33. IN FRIENDLY TERRITORY

Hope and I were getting ready for our final exams, slouched in front of a long commercial for Craftmatic vibrating beds interspersed with bits of B movie, when my mother opened the Bunker door.

“How would you two like to work at the cement plant this summer?”

She explained that the job would involve sorting boxes of documents that had been piling up since the sixties. Eight-week contract, a decent wage, air conditioning. If we would take the trouble to dislodge our adolescent butts from the couch long enough to fill out a few forms, the job was ours.

Hope and I exchanged a quick nod of agreement. My mother tossed me the keys to the Honda, and in no time we were far away.

The sun beamed down, and Rivière-du-Loup smelled of dust and summer vacation. All over town the cherry trees were in bloom, and a snowfall of petals filled the air before being ground down to a beige slurry by the traffic.

On the outskirts of the industrial park, Hope suddenly straightened up in her seat to get a good view of the area. She recognized this place. She had come here about ten months earlier.

She saw herself again, sitting in the tow truck, squeezed between her mother and a giant man smelling of sweat and grease. The Lada, dead from overexertion, followed behind, duly hitched, laden with the vestiges of their previous life: a few articles of clothing, several sacks of rice, a collection of old bibles, cans of beans and tuna in oil, jars of relish and ketchup, and four volumes of
Teach Yourself Russian at Home
. The entire load pressed down on the poor rear shocks and, from time to time, the tailpipe could be heard scraping the asphalt and flinging out a shower of sparks.

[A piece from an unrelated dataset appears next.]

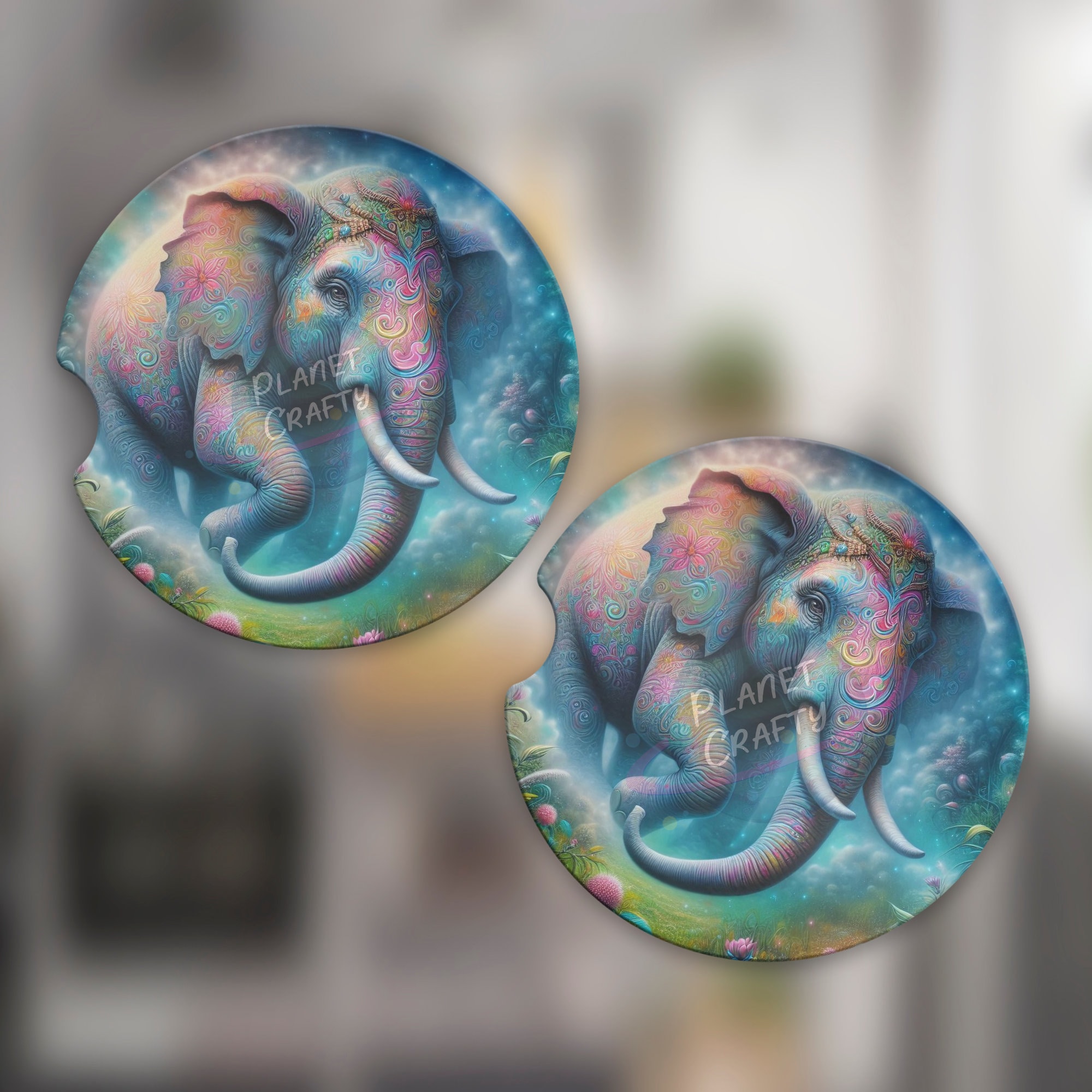 Elephant, Beautiful Artistic Car Coaster PNG Design, Digital Download

Final destination: Élisée Ouellet Valvoline Garage—General Repairs—Iron and Metalwork.

After a heroic 1200-kilometre effort, Comrade Lada ended her days in a muddy yard, amid the remains of hundreds of vehicles. Its carcass was cannibalized for a few months before being reduced to a metal cube. Nothing was as easy to compress as memories.

“Is it still very far?” Hope asked as she turned forward again.

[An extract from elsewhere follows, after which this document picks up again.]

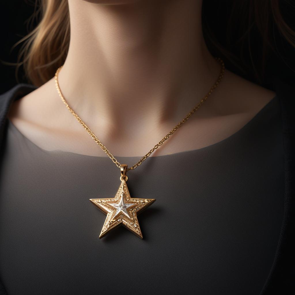 A woman is wearing a gold chain necklace with a large star pendant.

I pointed at the silos and minarets of the cement works. A cement mixer drove past in the opposite direction, and the driver hailed us with a double beep of the horn—he’d recognized the family Honda. I waved in reply. We were in friendly territory.

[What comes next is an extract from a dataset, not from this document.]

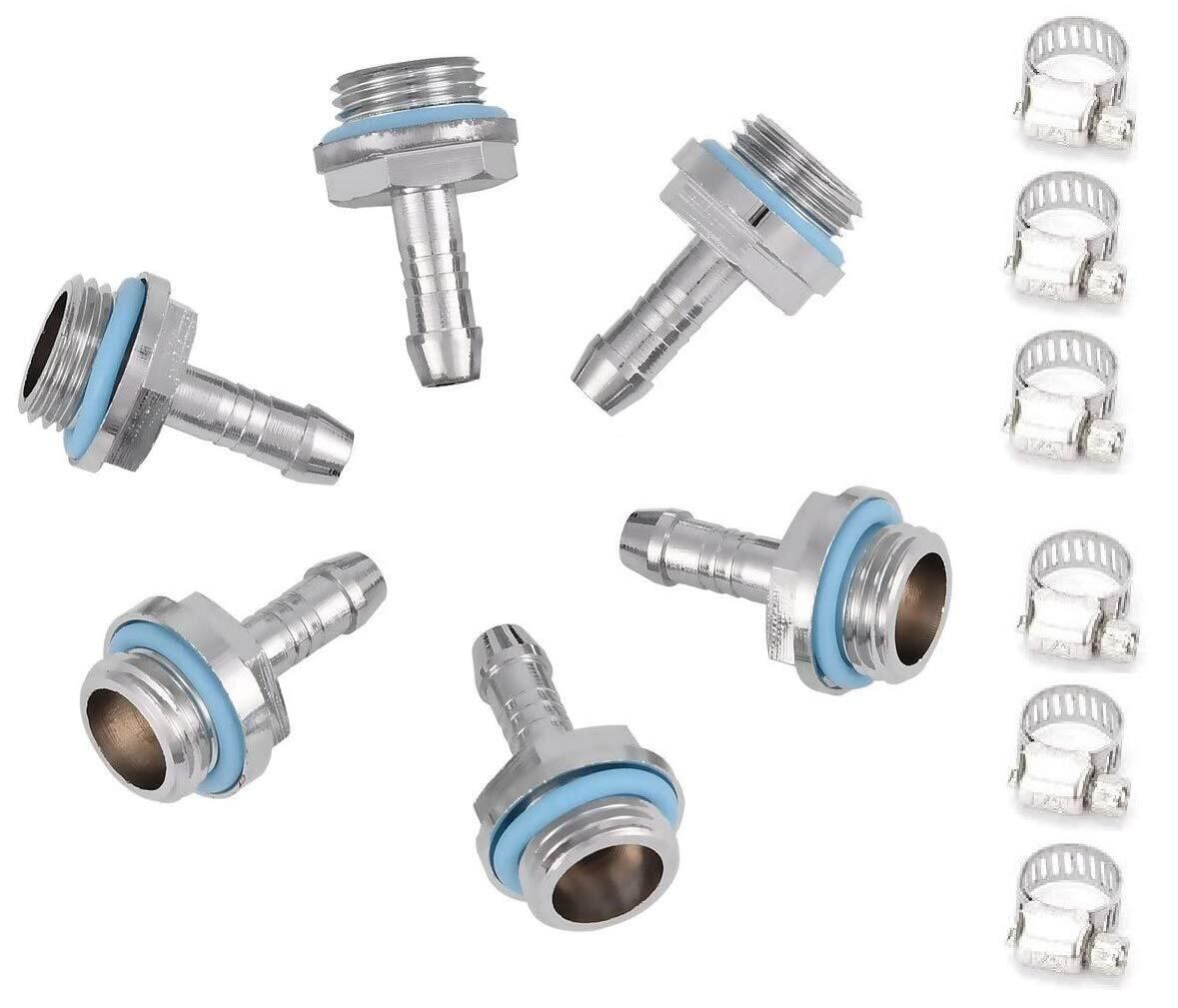 NEYORIKA 水冷ツータッチ継手 水冷フィッティング G1/4 チューブコネクタ ステンレスバンド付 6個 (9mm)

Mrs. Bilodeau was waiting for us in the office, holding the forms. All we needed to do was to fill in our social insurance numbers, sign at the bottom and keep the pink copy. Between phone calls she talked about the weather and asked us what programs we had enrolled in for the fall term. Her unwavering good mood dipped slightly when Hope asked to be paid in cash. Mrs. Bilodeau answered that normally the accountant never made that kind of exception, but she would see what could be arranged.

She checked our forms, slipped two blank cards into her big Olivetti, rapped out our addresses and filed them in a Rolodex.

“Welcome aboard!”

As we left the office we bumped into my father wearing his white foreman’s helmet. He gave Hope a Paul Newman smile and she responded with a wink. They were fond of each other, those two. My father glanced at his watch and asked if Hope would like to visit the facilities.

“There’s nothing in the world I’d rather do, Mr. Bauermann.”

“Ah! Just seventeen and already a shameless liar!”

He grabbed two old orange hardhats from the back of his 4×4 and cleared away the objects littering the seat: a toolbox, a pair of gloves, a half-empty cup of coffee and a stack of bills held together with a clip—all of it covered with a fine layer of cement.